When the onions are surface dry so that the skins rustle, the ventilating air
is recycled and dry outside air is introduced sufficient to maintain RH below
75%. A continuing slow drying at 25-30°C and 70-75% RH ensures that the
necks are fully dry and that the bulb skins develop a deep, copper-brown
colour; this normally takes 10-15 days. Exposure to temperatures above 21°C
causes the skins to darken: the higher the temperature above 21°C the more
quickly the skins darken (see Chapter 7, 'Curing of Bulb Skins').
In The Netherlands bulbs are ventilated with air at 20-25°C during the
neck-drying phase because lighter-coloured, yellow-brown skins are preferred.
It has been shown that high-temperature curing, particularly if applied to
bulbs that are not fully ripe, may shorten storage life (see Chapter 7). When the
necks are fully dry, the temperature of the stack of bulbs is lowered as quickly as
possible using cool air drawn from outside at night, and the bulbs are sub-
sequently maintained as cool as possible, but above freezing, while in store.
Because of the need for even ventilation through the stack, it is important that
the air flow is not obstructed by pockets of soil or weed trash. Such obstructions
can give rise to clumps of undried, uncured bulbs that soon begin to rot and
spread damaging, wet, rotten conditions to surrounding bulbs.
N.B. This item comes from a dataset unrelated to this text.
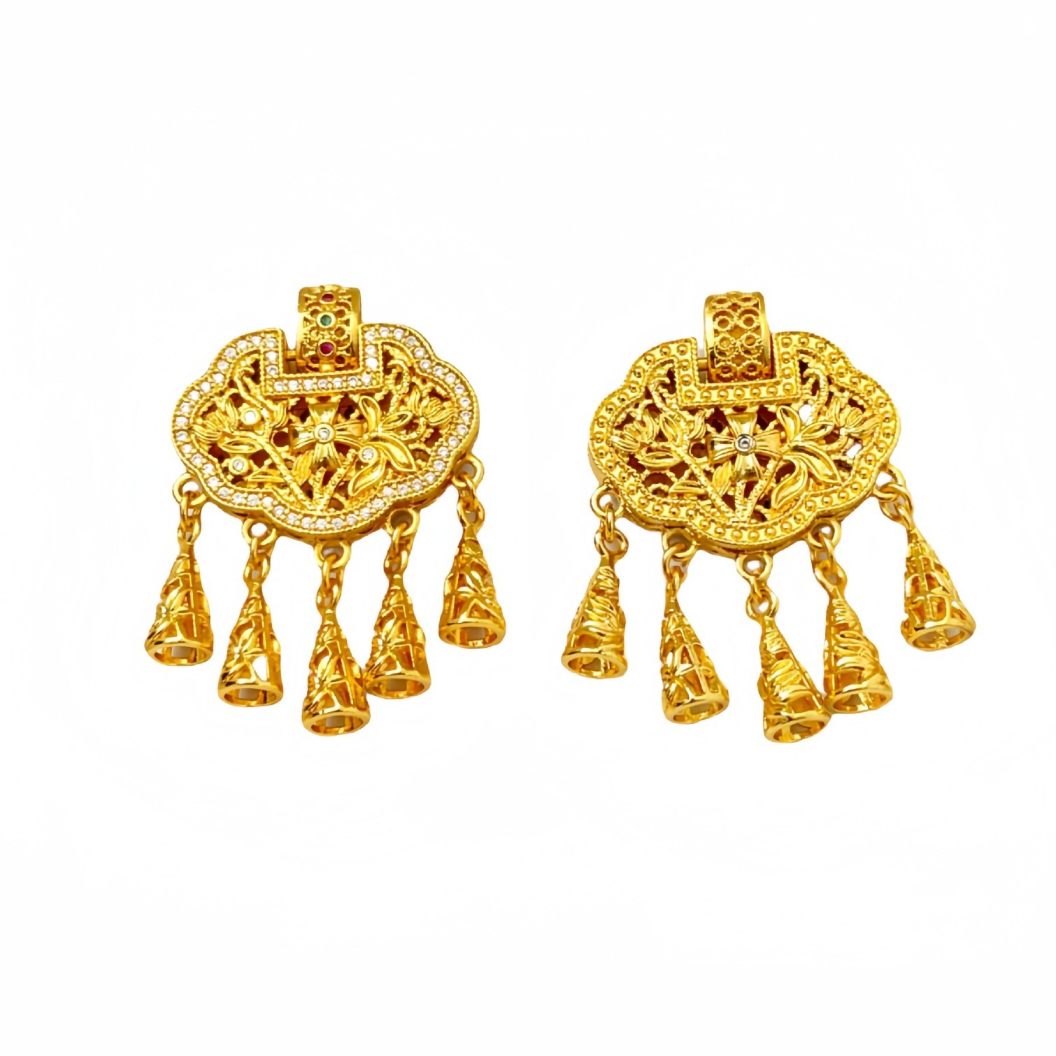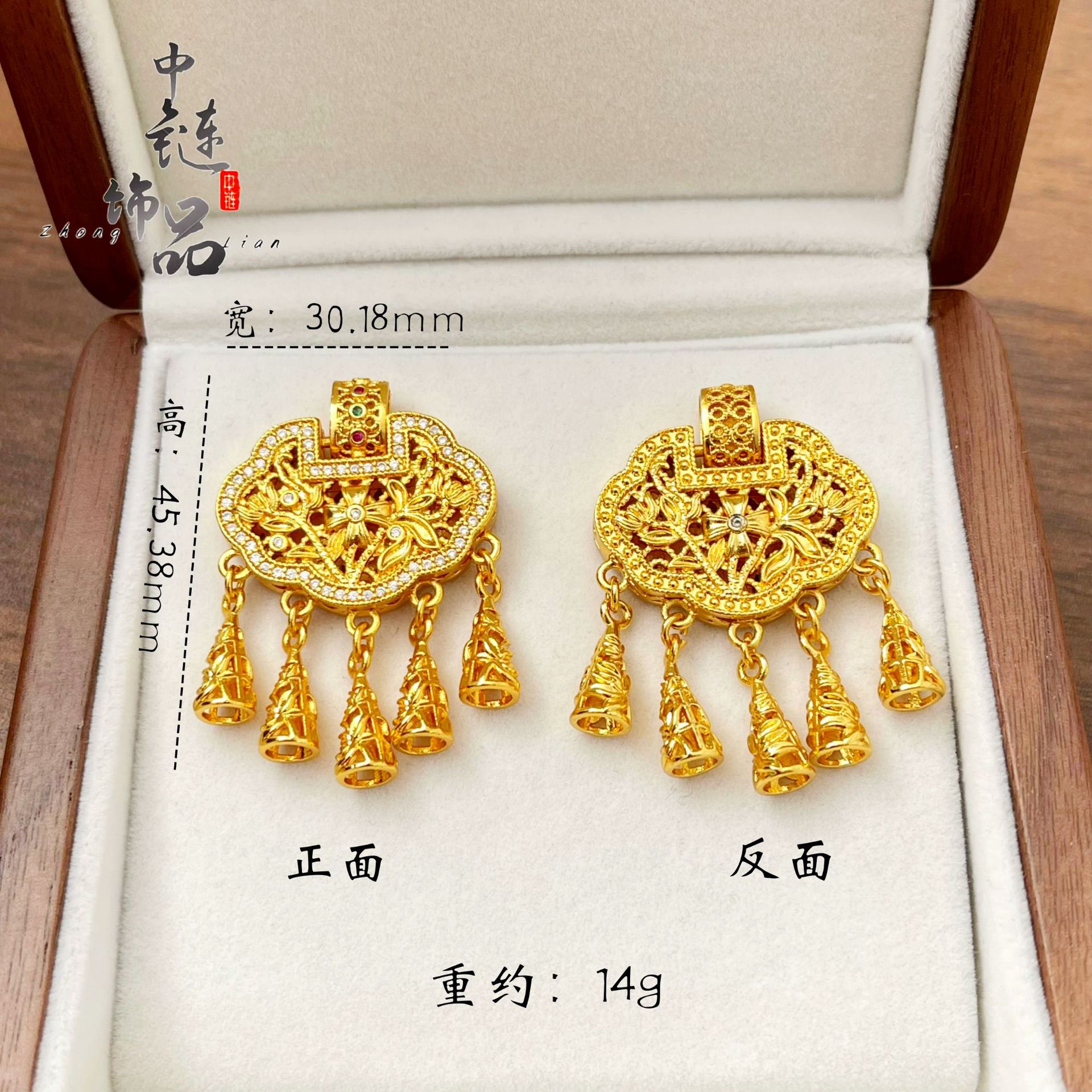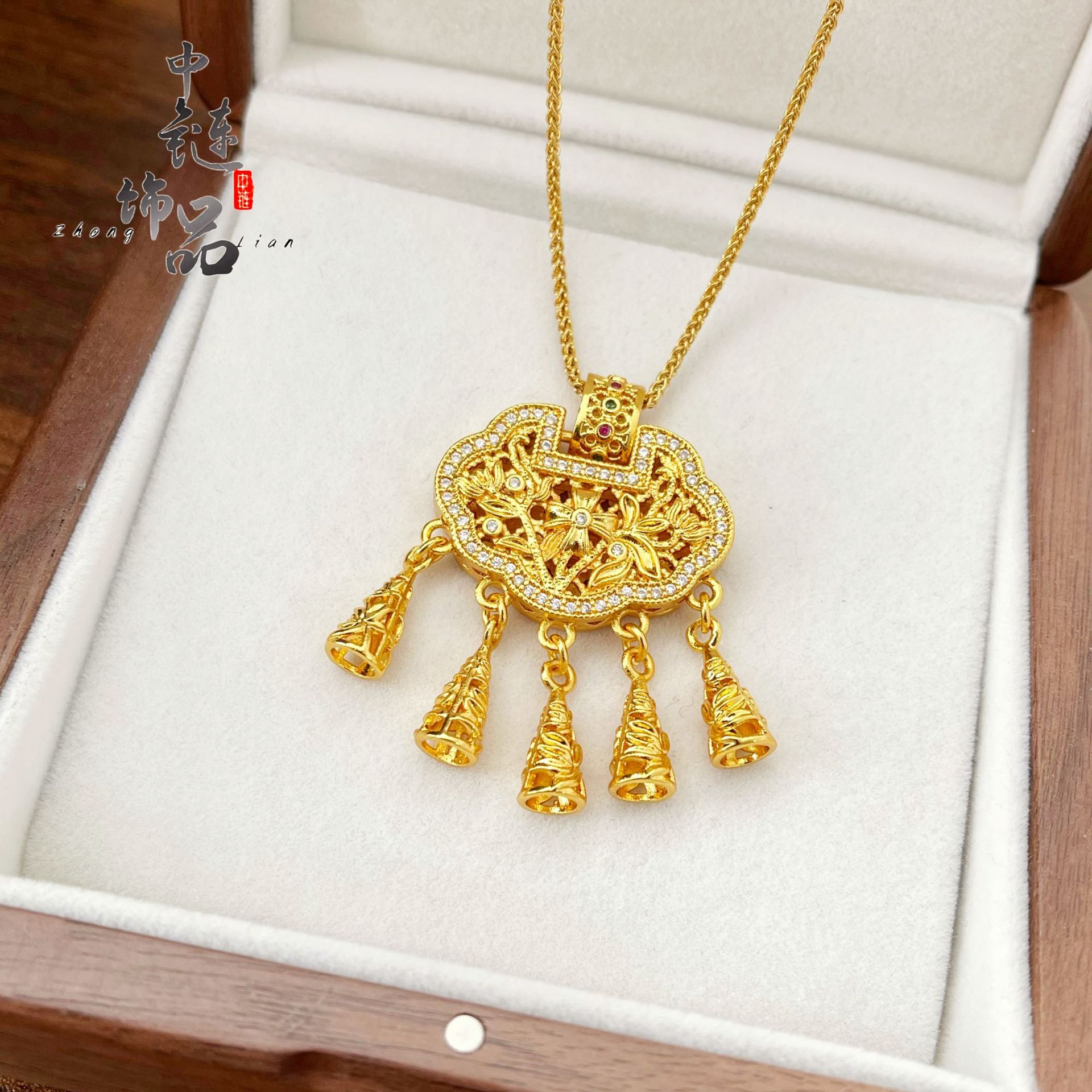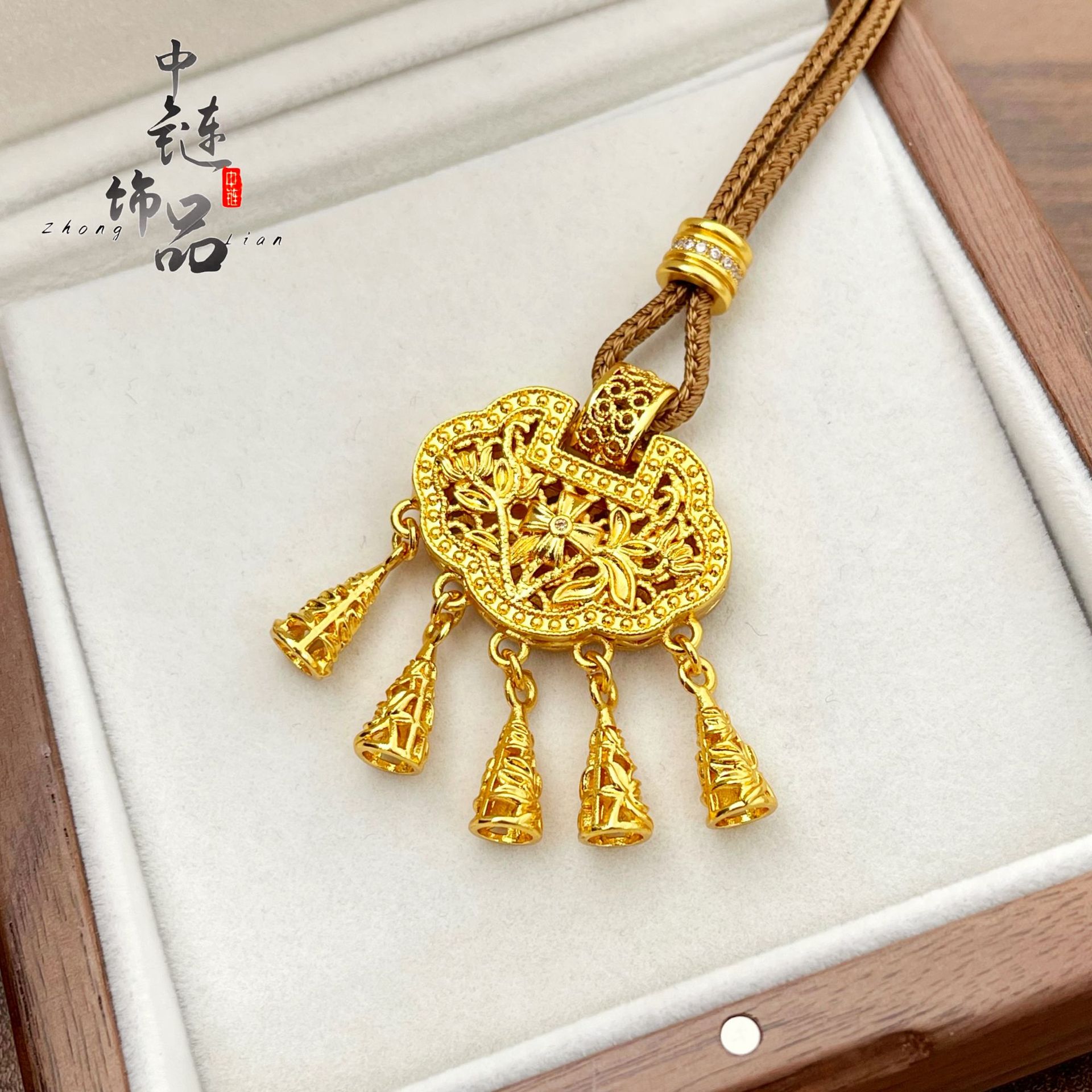 古法越南沙金厚金镶钻铃铛花枝如意锁吊坠微镶镂空花丝长命锁包

The extent of damage tolerable and therefore the harvesting and storage
facilities that are appropriate and economic depends on the type of bulb being
processed. Considerable effort has gone into researching improved mechanical
harvesting and storage of soft, thin-skinned, high-priced, sweet onions from
Georgia, USA (Maw et al. , 1998, 2002). Mechanical harvesters that pick up
the onions by their leaves after undercutting rather than with an elevator, as
used for hard 'storage'-type bulbs, have been developed for this valuable crop,
which is easily damaged and subject thereby to losses and rots, and for which it
is a necessity to maintain consistently high quality to justify premium prices.